Certainly. And the strength of hip hop was it’s oppositional stance. The strength of hip hop was that it was the periphery speaking to the center. At this point, hip-hop is institutionalized. Hip-hop is the center.
If you’re saying that hip-hop’s gone the way of the art world, that the art world definitely has it’s quarters of power and things like this, do you feel your own obligation as an artist to be constantly challenging that in the same way?
I think that any artist who ties themselves down to any sort of religious, gender, sexuality, or class obligations is making really uninteresting work. I’m beholden to no one. I think what I’m trying to do is scratch an itch, and when I’m at my best, I’m making stuff that just turns me on, and I hope that the world community responds to it. I’m just bored by this sort of preachy, didactic work that is so emblematic of the time that we had to do that. We don’t have to do that anymore. I remember there was this really insane show called “Freestyle” at The Studio Museum of Harlem, in which Thelma Goldman, who’s the director and curator there introduced this notion of post-blackness: ‘is it ever possible?’
Well the very utterance of ‘post-black’ includes the term ‘black,’ which means there’s a type of schizophrenia: the inability to recognize what one is, but also of a desire to go beyond it. I think that’s the constant state of people of color working within the fine arts; regardless of what you do with subject matter, it always comes down to something so essential about skin color, but the dream of the artist is always to go beyond that. To transcend expectations, to transcend class, race, gender, sexuality, class. But in the end when we are most honest with ourselves, we start with something very specific, very local, very personal. And that usually is strongly influenced by race, class, gender; it’s all in there.
There’s this guy named Richard Dyer who operates within this new field called ‘whiteness studies,’ in which he questions: “Do young white men from the 1950s make white boy art or do they simply function as agents who have certain dreams and certain desires in their work?” Well the answer can be yes in both cases. I think that obviously now we are in a much more sophisticated age in which we can see the work through so many different rubrics, including the fabrication of race, lightness, maledom, heterosexuality and so on. But at the same time when we look at Pollock, we don’t think of race, but it’s so much a part of that radical freedom and maledom. A very American picture.

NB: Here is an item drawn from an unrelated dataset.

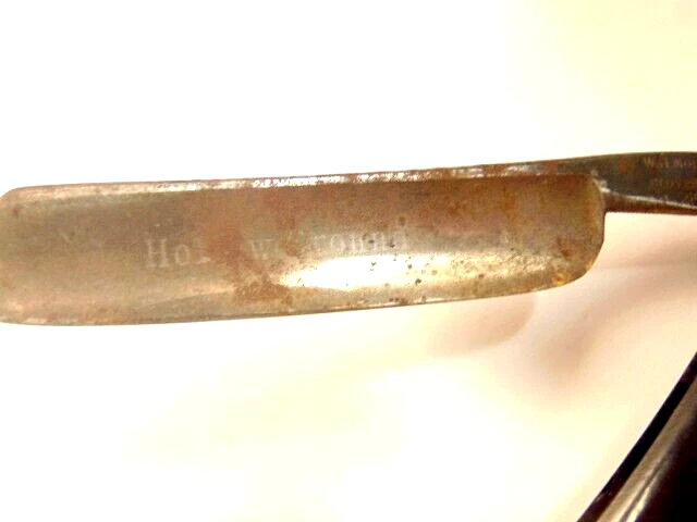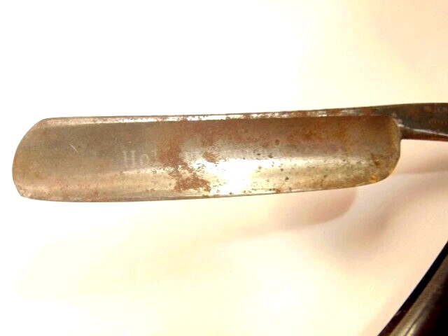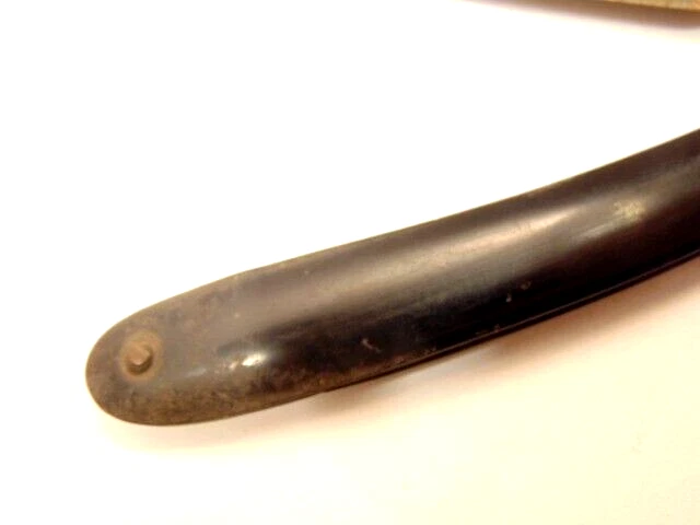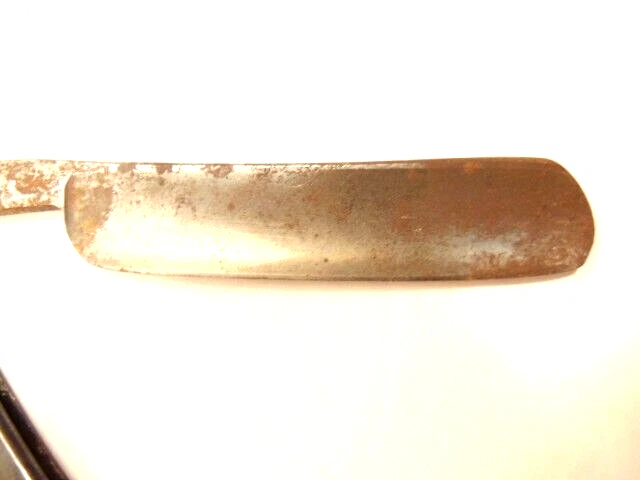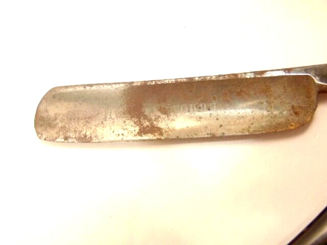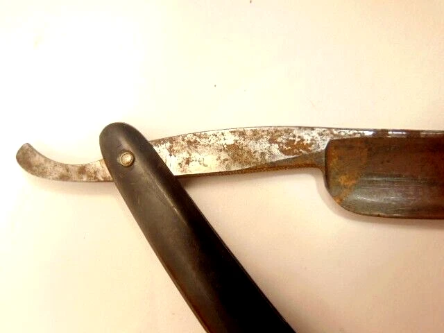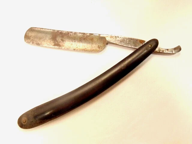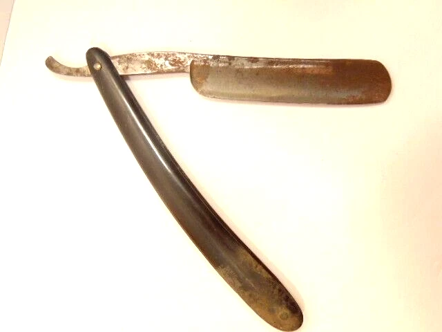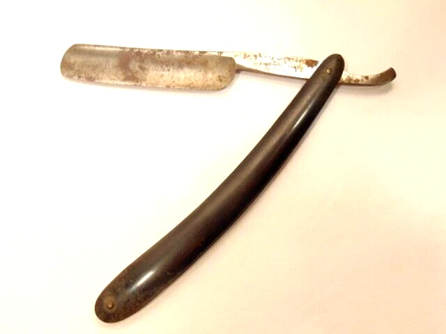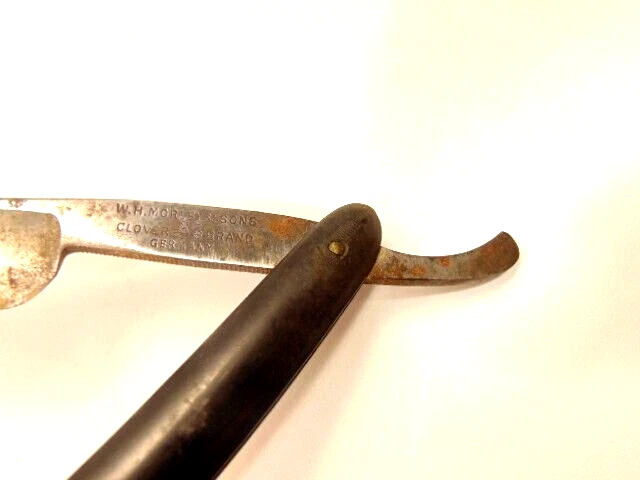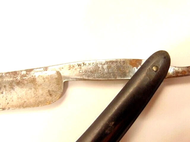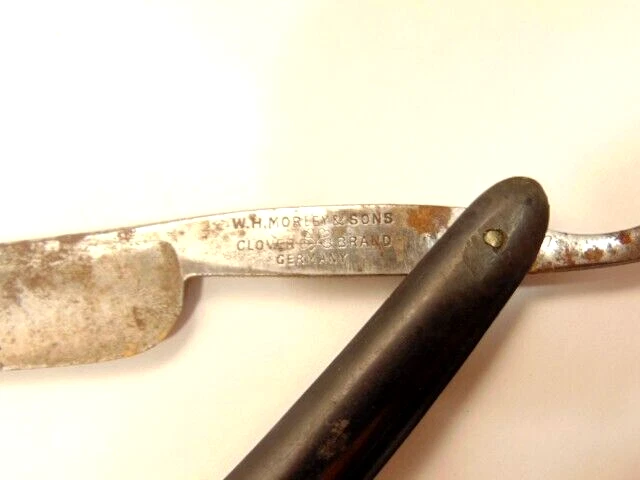 Here is a pre-owned old straight razor labeled W.H. Morley & Sons / Clover Brand, Germany. The razor has a black handle or scales. The blade centers well. The razor measures about 6 1/4 inches in length and the blade measures 5 5/8th inches from end to end. The blade is about 11/16 inches wide. The razor shows dirt and wear as well as corrosion on the blade. Please see pictures and ask any questions. Thank you for looking. (Inv 25,228)

It’s part of this American dream that’s been the subject of the work from Warhol to Koons. Something in the type of absolute freedom, daffy, hilarious pleasure, consumption consumption consumption—and you see that [also] as the subject matter of so much of hip-hop. It’s about people who were left out, people who want to sort of push their egos out into the world and have this bombastic, self-pleasing, misogynistic presence. In that sense I think there’s a bigger correlation between Jeff Koons and hip-hop [than] my own work. I think there’s a bigger correlation between Andy Warhol and hip-hop than my own work, because what they do is amplify the type of heroic desire for cash and domination that hip-hop is so defined by.

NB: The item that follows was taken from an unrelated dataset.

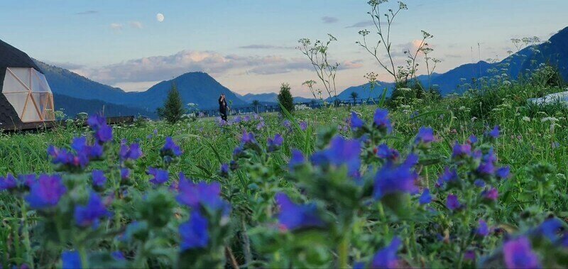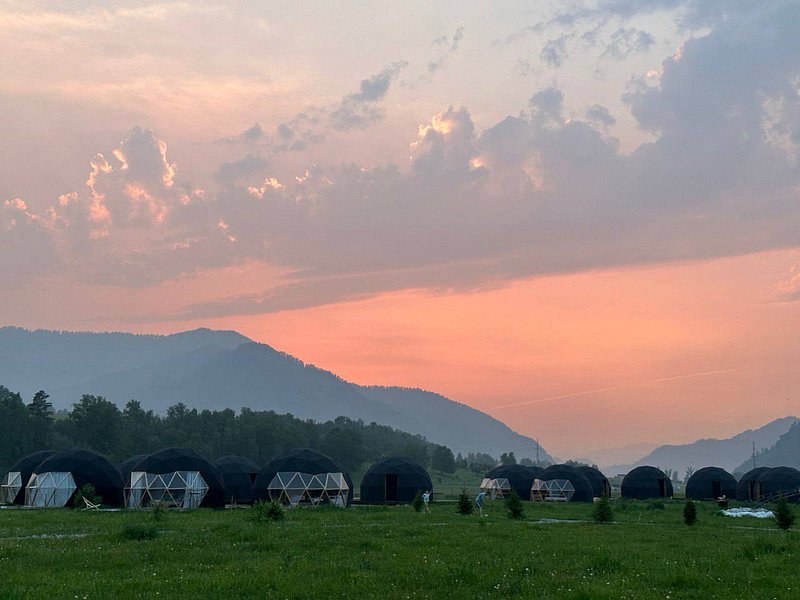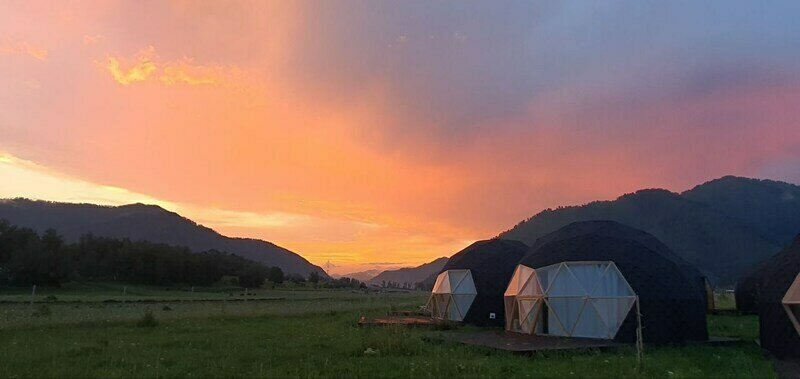 В Республике Алтай, в селе Чемал, находится замечательный глэмпинг «Место силы». Величественные леса, массивные горы, бесконечные просторы — это то, на что здесь можно любоватся бесконечно.

As far as a ‘self-branding’?
That’s right. Shameless. And I love those two artists, I think that’s the brilliant part about it, because those are some of the corollaries that very few people draw, especially theorists, when they’re talking about the American dream—what they mean when they talk about artists and how they hold the mirror up to the world. Well hip-hop is basically symptomatic of the broader community and it’s not about a type of ghettoized corridor, where black people are talking to themselves.

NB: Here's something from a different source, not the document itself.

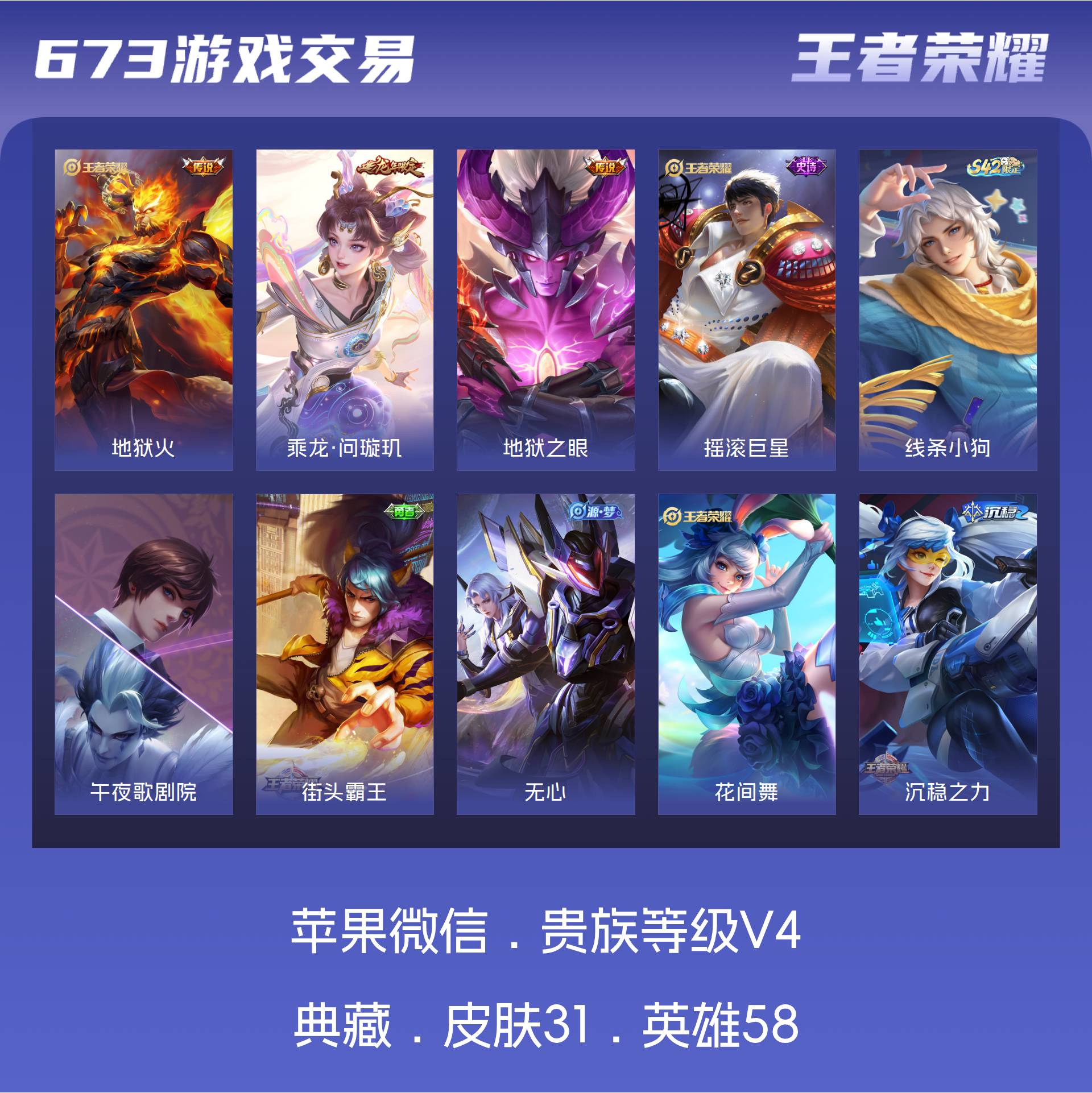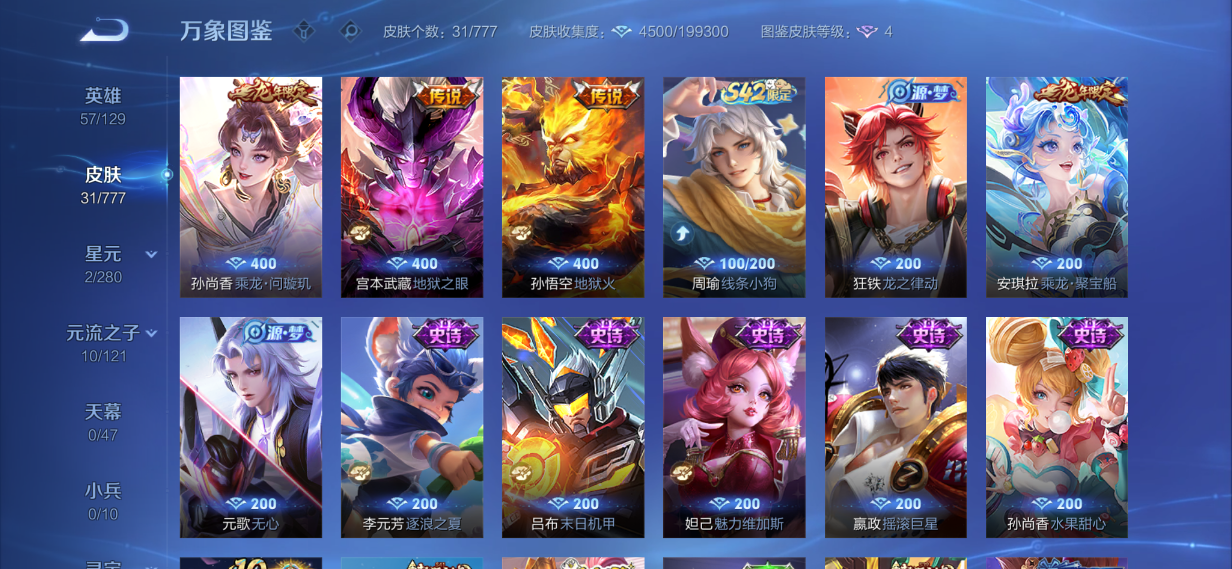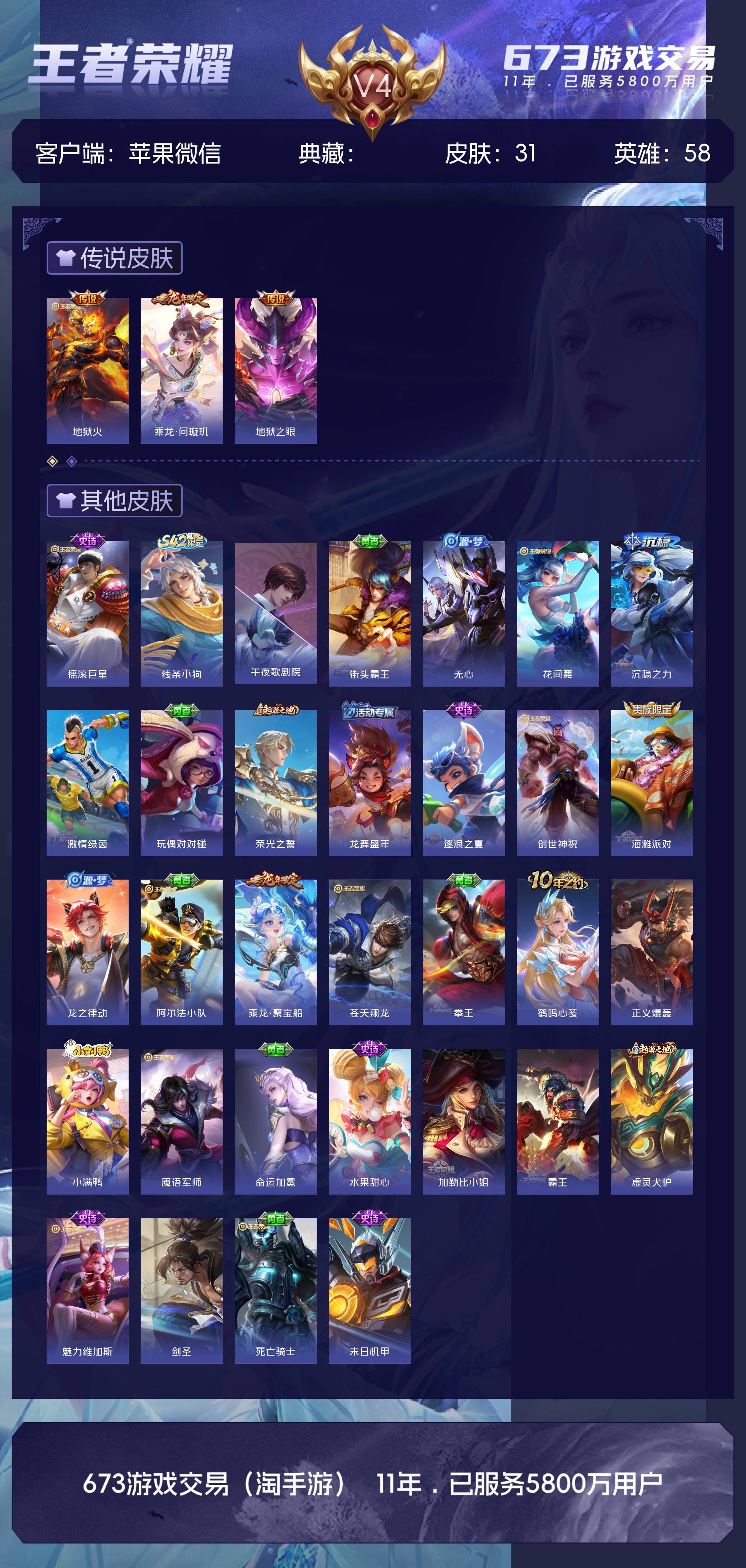 V4 皮肤31 英雄58 尊贵铂金 传说3 其他皮肤32

On a simple, very superficial level, what’s the music that you are listening to at this point in your life that is inspiring you and that you feel is pushing things forward—rather than this stasis that maybe commercial hip-hop has become?
Music doesn’t inspire me so much. I read a lot. Ideas inspire me. Music is often there, and it’s often jazz and it’s often classical. Cccasionally it’s hip-hop, but not much.